* Exercise brief: A word-for-word reproduction of the data below is needed, with no pictures in it.
*** Opening of Information supplied ***
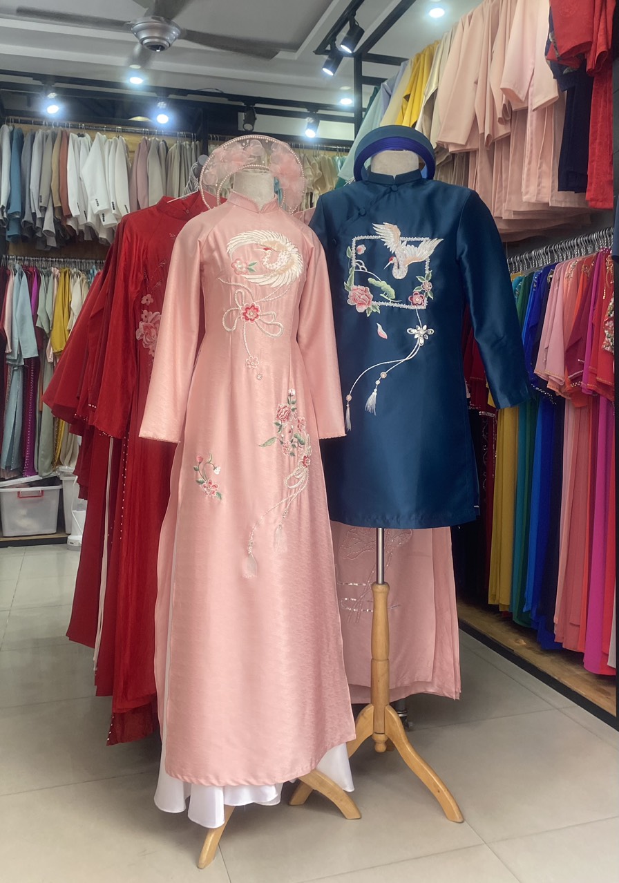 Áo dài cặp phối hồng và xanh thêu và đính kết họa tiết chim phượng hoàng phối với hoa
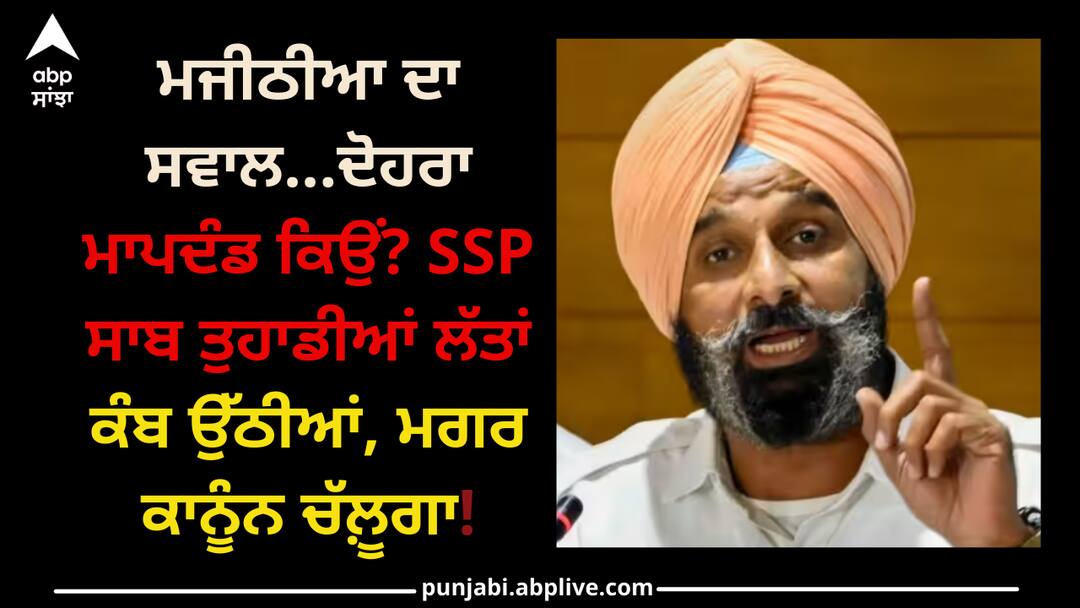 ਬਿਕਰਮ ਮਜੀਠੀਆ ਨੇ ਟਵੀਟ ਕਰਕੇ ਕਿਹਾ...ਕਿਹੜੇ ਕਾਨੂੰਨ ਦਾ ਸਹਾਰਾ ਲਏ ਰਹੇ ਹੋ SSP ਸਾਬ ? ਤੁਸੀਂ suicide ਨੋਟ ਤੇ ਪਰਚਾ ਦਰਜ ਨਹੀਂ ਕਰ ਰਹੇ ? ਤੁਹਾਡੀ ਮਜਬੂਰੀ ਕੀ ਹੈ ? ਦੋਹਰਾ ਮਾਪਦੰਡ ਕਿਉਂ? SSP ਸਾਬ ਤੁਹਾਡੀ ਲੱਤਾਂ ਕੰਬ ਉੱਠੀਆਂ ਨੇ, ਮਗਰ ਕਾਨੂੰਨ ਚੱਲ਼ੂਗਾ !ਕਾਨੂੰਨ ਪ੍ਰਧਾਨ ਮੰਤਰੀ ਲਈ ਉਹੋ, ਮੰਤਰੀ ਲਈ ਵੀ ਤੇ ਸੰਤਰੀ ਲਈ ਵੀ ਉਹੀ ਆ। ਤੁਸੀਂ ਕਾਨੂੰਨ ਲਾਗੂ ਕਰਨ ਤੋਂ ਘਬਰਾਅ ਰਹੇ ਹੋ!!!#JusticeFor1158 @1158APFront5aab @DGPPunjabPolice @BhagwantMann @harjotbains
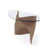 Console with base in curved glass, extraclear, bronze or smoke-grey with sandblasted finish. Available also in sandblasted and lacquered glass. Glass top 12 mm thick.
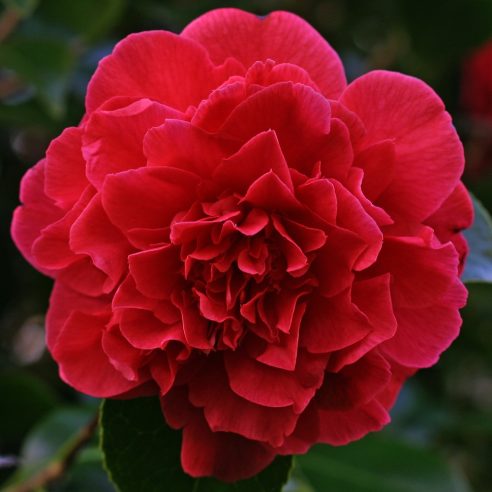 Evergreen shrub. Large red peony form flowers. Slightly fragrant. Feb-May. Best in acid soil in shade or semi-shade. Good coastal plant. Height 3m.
*** Close of Information supplied ***
* Answer for the task:
 Áo dài cặp phối hồng và xanh thêu và đính kết họa tiết chim phượng hoàng phối với hoa
 ਬਿਕਰਮ ਮਜੀਠੀਆ ਨੇ ਟਵੀਟ ਕਰਕੇ ਕਿਹਾ...ਕਿਹੜੇ ਕਾਨੂੰਨ ਦਾ ਸਹਾਰਾ ਲਏ ਰਹੇ ਹੋ SSP ਸਾਬ ? ਤੁਸੀਂ suicide ਨੋਟ ਤੇ ਪਰਚਾ ਦਰਜ ਨਹੀਂ ਕਰ ਰਹੇ ? ਤੁਹਾਡੀ ਮਜਬੂਰੀ ਕੀ ਹੈ ? ਦੋਹਰਾ ਮਾਪਦੰਡ ਕਿਉਂ? SSP ਸਾਬ ਤੁਹਾਡੀ ਲੱਤਾਂ ਕੰਬ ਉੱਠੀਆਂ ਨੇ, ਮਗਰ ਕਾਨੂੰਨ ਚੱਲ਼ੂਗਾ !ਕਾਨੂੰਨ ਪ੍ਰਧਾਨ ਮੰਤਰੀ ਲਈ ਉਹੋ, ਮੰਤਰੀ ਲਈ ਵੀ ਤੇ ਸੰਤਰੀ ਲਈ ਵੀ ਉਹੀ ਆ। ਤੁਸੀਂ ਕਾਨੂੰਨ ਲਾਗੂ ਕਰਨ ਤੋਂ ਘਬਰਾਅ ਰਹੇ ਹੋ!!!#JusticeFor1158 @1158APFront5aab @DGPPunjabPolice @BhagwantMann @harjotbains
 Console with base in curved glass, extraclear, bronze or smoke-grey with sandblasted finish. Available also in sandblasted and lacquered glass. Glass top 12 mm thick.
 Evergreen shrub. Large red peony form flowers. Slightly fragrant. Feb-May. Best in acid soil in shade or semi-shade. Good coastal plant. Height 3m.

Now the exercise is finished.